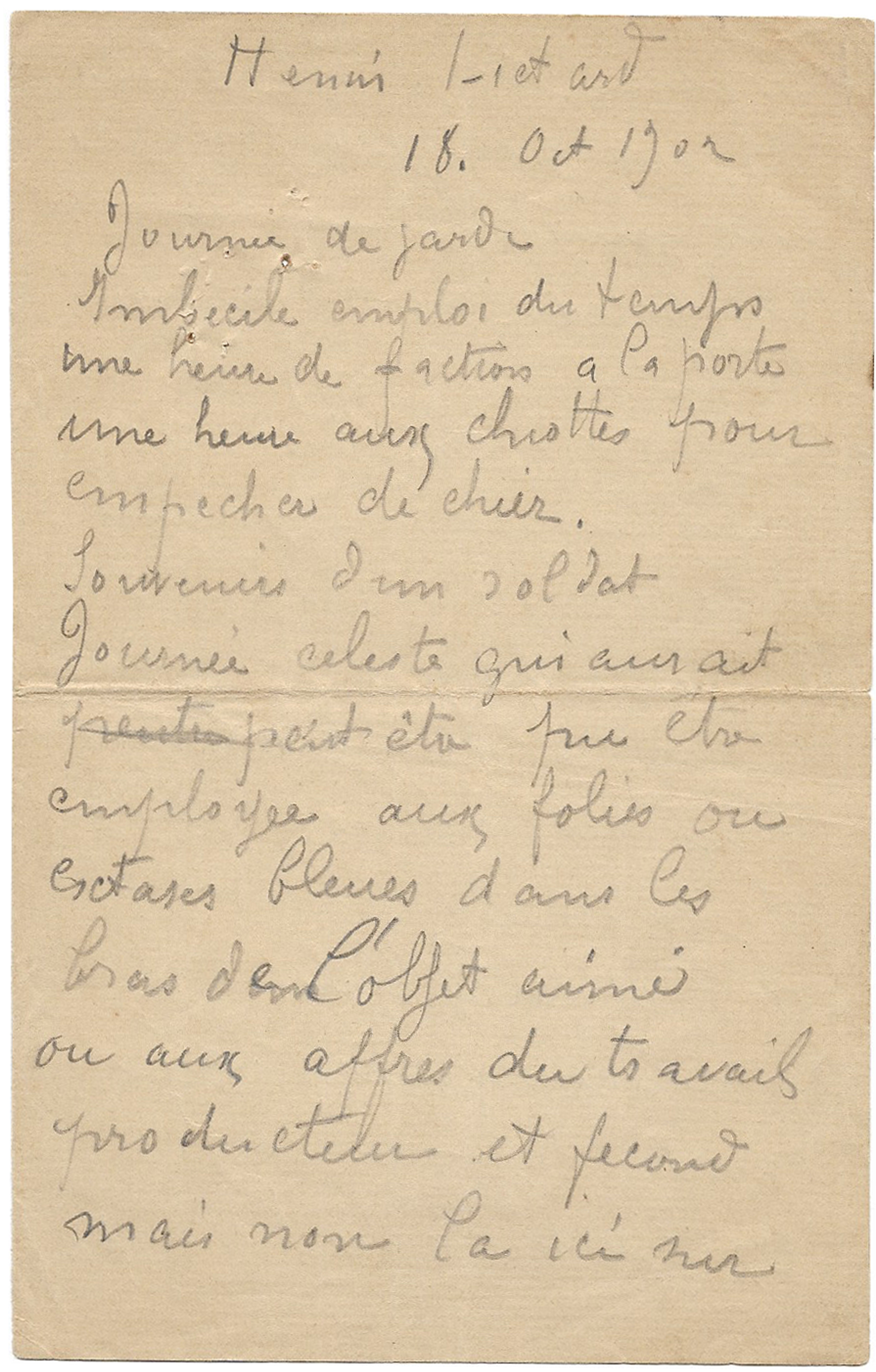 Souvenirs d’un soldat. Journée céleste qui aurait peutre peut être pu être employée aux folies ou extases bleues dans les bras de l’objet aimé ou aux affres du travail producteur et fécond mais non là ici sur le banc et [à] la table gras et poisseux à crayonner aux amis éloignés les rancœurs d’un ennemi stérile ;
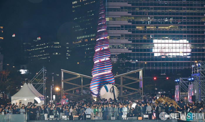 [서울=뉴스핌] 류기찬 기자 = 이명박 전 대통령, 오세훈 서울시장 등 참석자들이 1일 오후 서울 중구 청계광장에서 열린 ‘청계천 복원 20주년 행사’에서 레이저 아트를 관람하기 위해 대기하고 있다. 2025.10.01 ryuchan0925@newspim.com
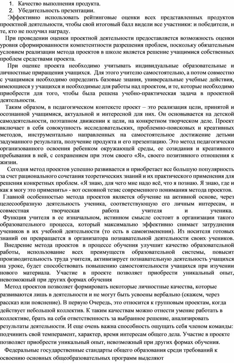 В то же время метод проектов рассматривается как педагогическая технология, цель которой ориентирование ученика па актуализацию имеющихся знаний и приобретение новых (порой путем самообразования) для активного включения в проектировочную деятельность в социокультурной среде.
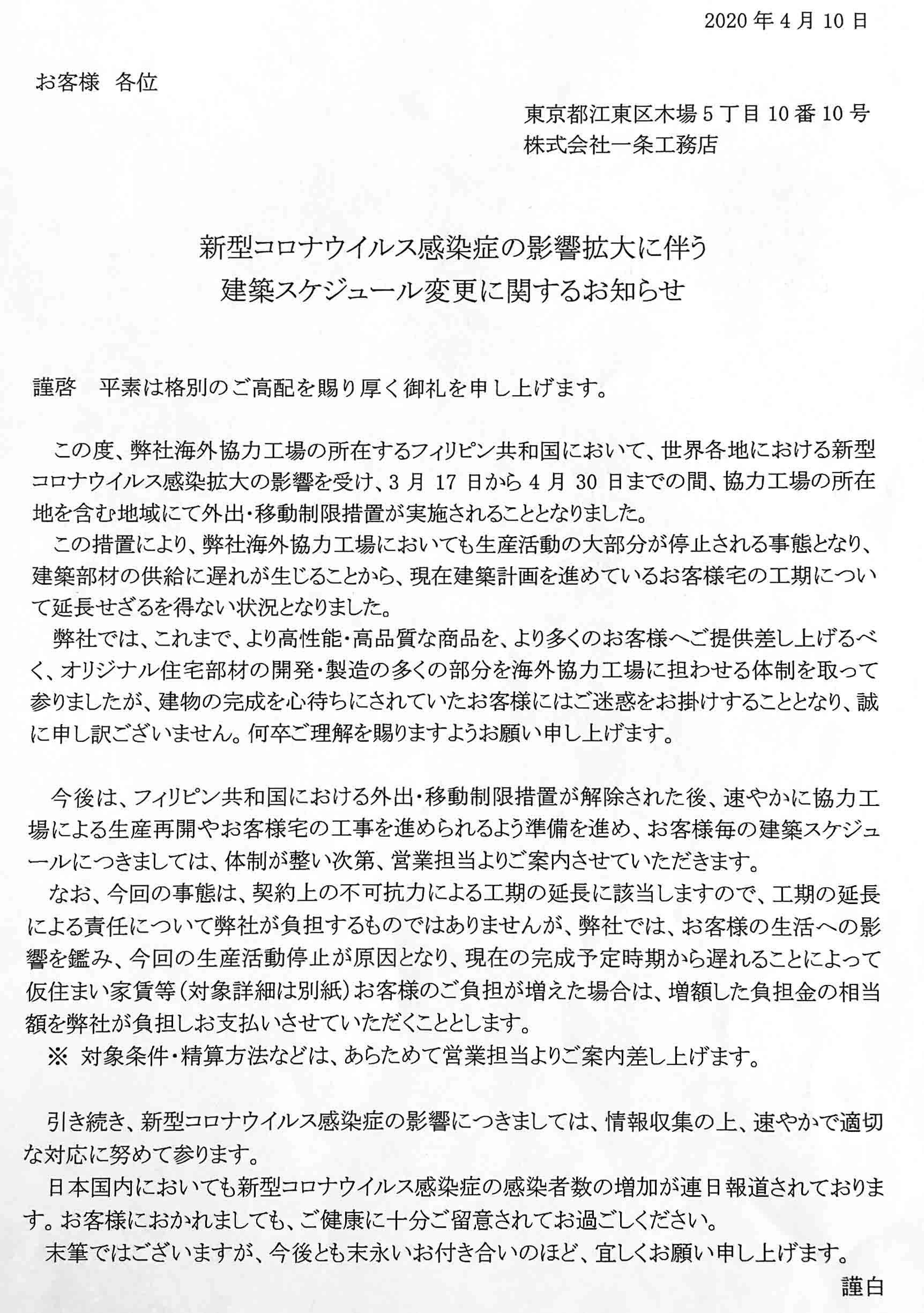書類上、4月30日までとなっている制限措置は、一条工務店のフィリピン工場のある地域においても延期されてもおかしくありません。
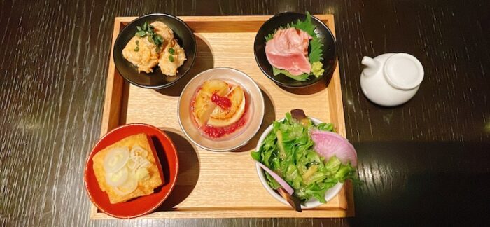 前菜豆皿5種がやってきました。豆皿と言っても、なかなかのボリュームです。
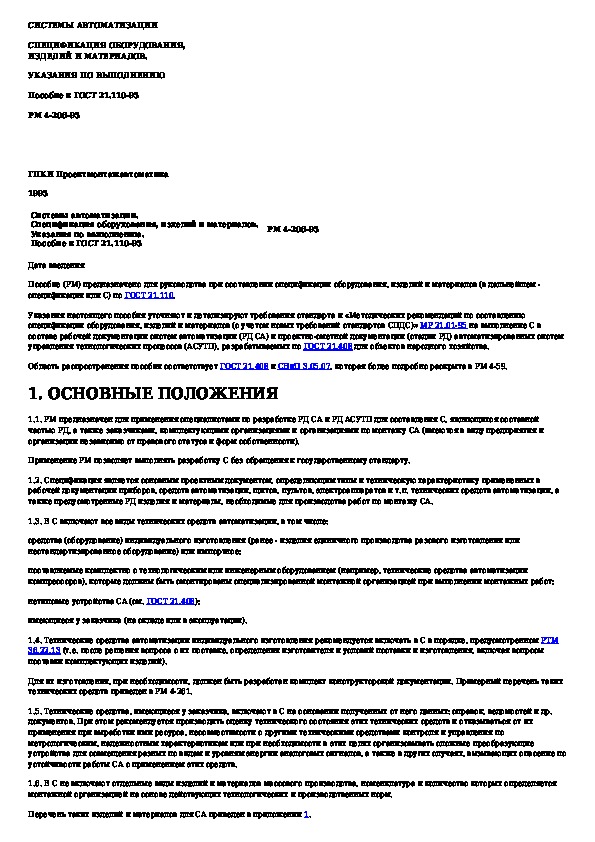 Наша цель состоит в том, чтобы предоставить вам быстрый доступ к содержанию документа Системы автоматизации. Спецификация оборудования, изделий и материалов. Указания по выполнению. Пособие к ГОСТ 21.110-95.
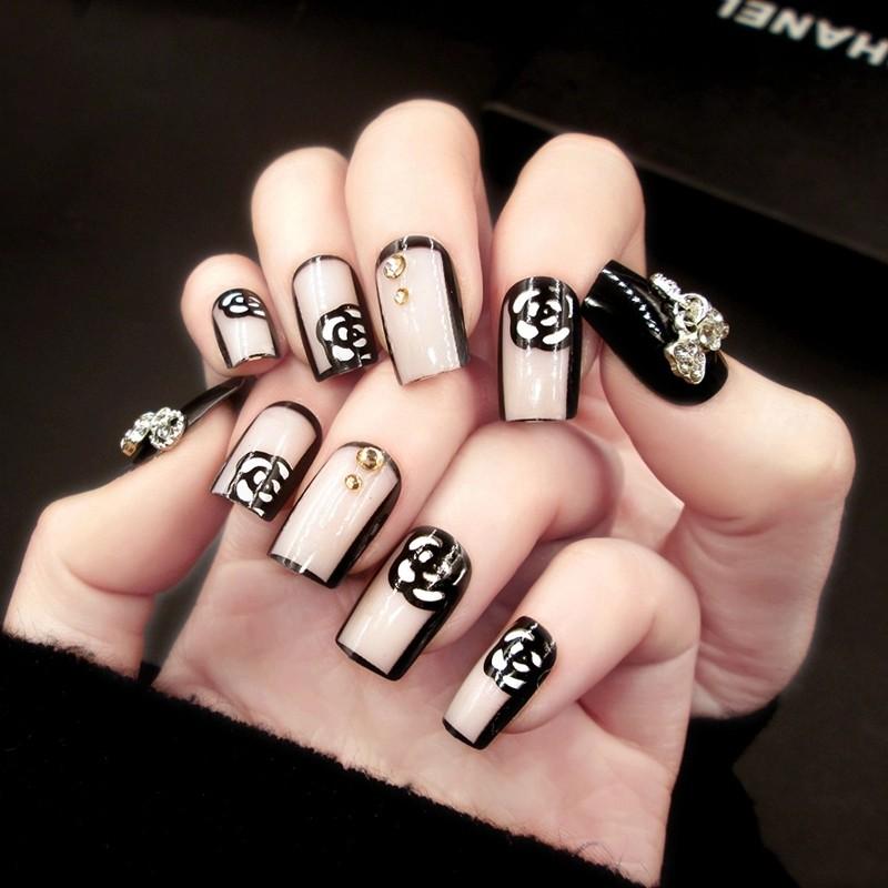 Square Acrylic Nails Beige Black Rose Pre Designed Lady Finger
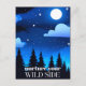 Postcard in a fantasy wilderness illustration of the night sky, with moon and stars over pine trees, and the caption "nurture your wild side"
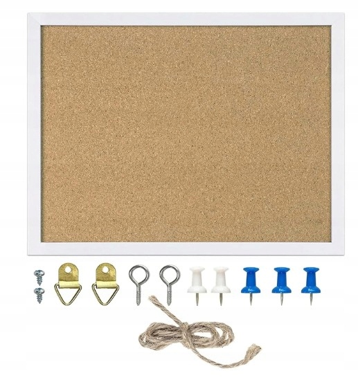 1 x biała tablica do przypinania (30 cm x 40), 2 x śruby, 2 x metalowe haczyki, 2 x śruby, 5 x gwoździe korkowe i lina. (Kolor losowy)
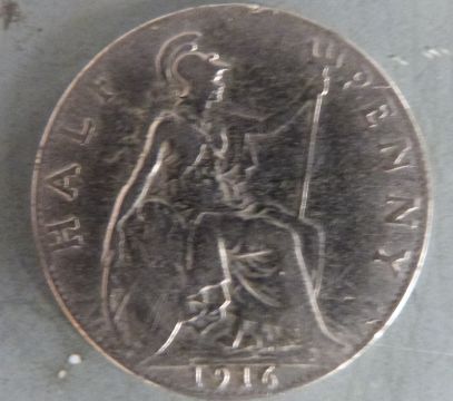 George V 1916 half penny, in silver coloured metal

▶ [What is needed] What you give back should be exactly the lines from the top of the data above down to and including the line with "Square Acrylic Nails", minus any pictures.

▶ [Finished task]
 Souvenirs d’un soldat. Journée céleste qui aurait peutre peut être pu être employée aux folies ou extases bleues dans les bras de l’objet aimé ou aux affres du travail producteur et fécond mais non là ici sur le banc et [à] la table gras et poisseux à crayonner aux amis éloignés les rancœurs d’un ennemi stérile ;
 [서울=뉴스핌] 류기찬 기자 = 이명박 전 대통령, 오세훈 서울시장 등 참석자들이 1일 오후 서울 중구 청계광장에서 열린 ‘청계천 복원 20주년 행사’에서 레이저 아트를 관람하기 위해 대기하고 있다. 2025.10.01 ryuchan0925@newspim.com
 В то же время метод проектов рассматривается как педагогическая технология, цель которой ориентирование ученика па актуализацию имеющихся знаний и приобретение новых (порой путем самообразования) для активного включения в проектировочную деятельность в социокультурной среде.
書類上、4月30日までとなっている制限措置は、一条工務店のフィリピン工場のある地域においても延期されてもおかしくありません。
 前菜豆皿5種がやってきました。豆皿と言っても、なかなかのボリュームです。
 Наша цель состоит в том, чтобы предоставить вам быстрый доступ к содержанию документа Системы автоматизации. Спецификация оборудования, изделий и материалов. Указания по выполнению. Пособие к ГОСТ 21.110-95.
 Square Acrylic Nails Beige Black Rose Pre Designed Lady Finger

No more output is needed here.